Upon his return, Oleksii signed a contract that said he can leave his unit anytime he wishes as he was not being paid to fight. He was sent to Irpin on the outskirts of Kyiv and elsewhere to guard military doctors and other personnel.

Oleksii said three people were killed over four hours since he arrived at a position one night in eastern Ukraine, where Russian forces were launching an offensive to seize the region.

He left the defensive force in early May, deciding it was time to return to his job.

His wife, a homemaker, and his 7-year-old son are in Poland, where they have lived for the past four years.

But with the ban in place, Oleksii is waiting for permission from the authorities to leave.

He noted there are two other possible ways for him to get out of Ukraine.

One is bribing border guards, a practice running rampant amid the chaos of the war.
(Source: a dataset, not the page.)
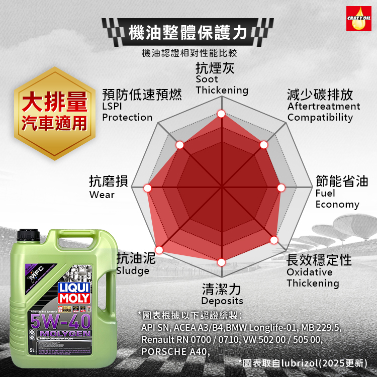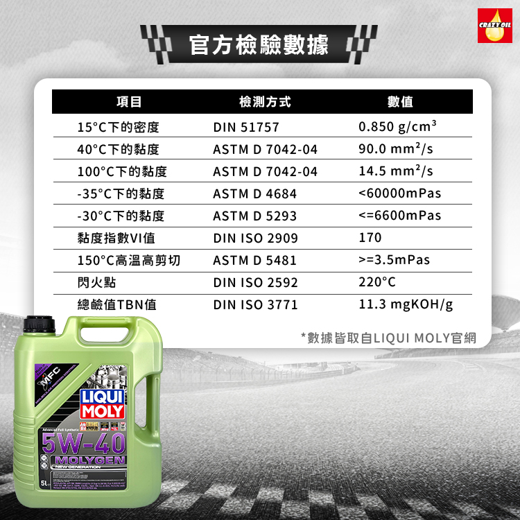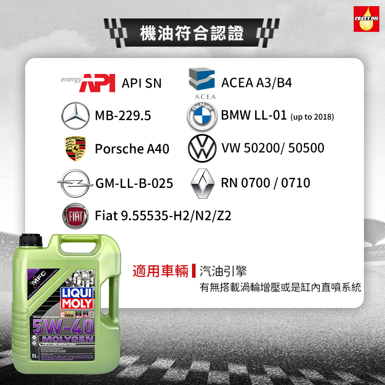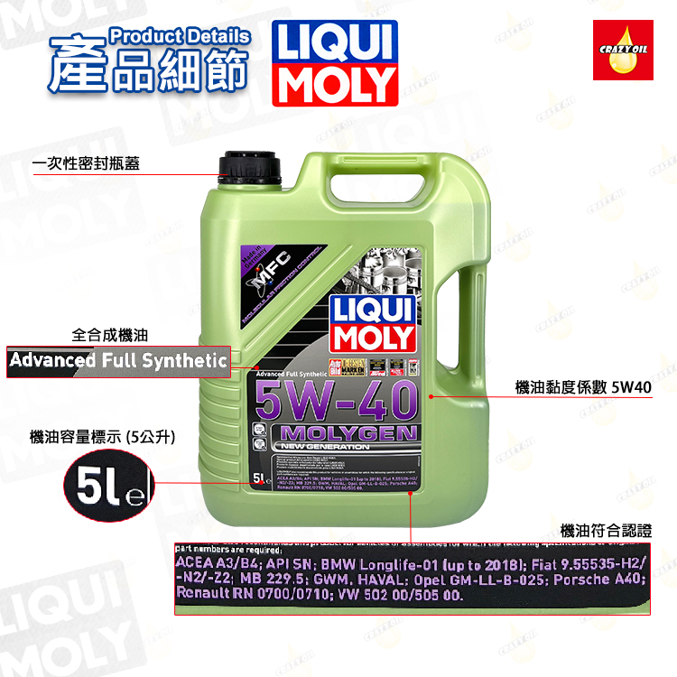 品名 : LIQUI MOLY MOLYGEN 5W-40 全合成機油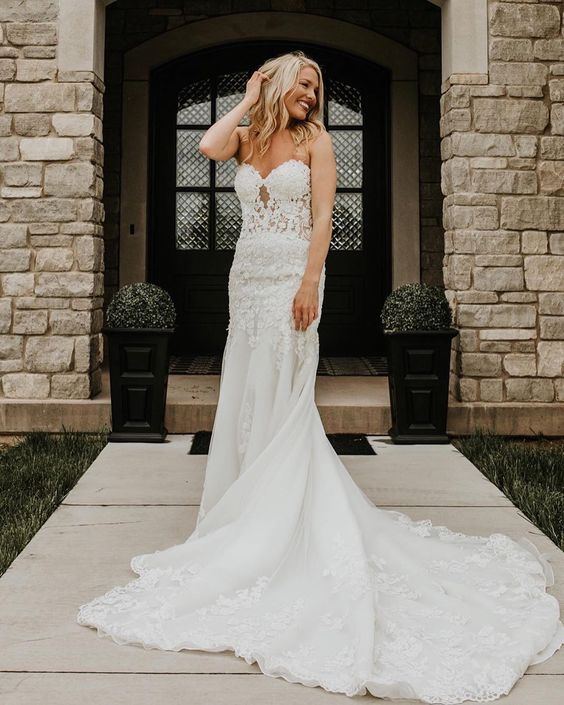Elegant Mermaid Sweetheart White Lace Wedding Dresses with Train

Men trying to flee Ukraine hand payments of cash equivalent to between $10,000 and $20,000 (1.3 million yen to 2.6 million yen) to individuals serving as intermediaries between them and border guards to let them pass through.

But he dismissed that option.

“I can afford to pay, but it is ridiculous,” he said.

The other scenario is that he could enter a Russian-controlled area in Ukraine, then travel to Russia before finally making his way to Georgia or elsewhere.

But he said that would be a longshot.

“I have volunteered to fight against Russia twice, so it is unlikely that the Russian military will let me pass through,” he said.

Oleksii said he came back to help secure “a free Ukraine,” but when he arrived, he was deprived of his freedom to leave and reunite with his family.

“I will not return to Ukraine again,” he said, “and will eventually abandon my Ukrainian citizenship.”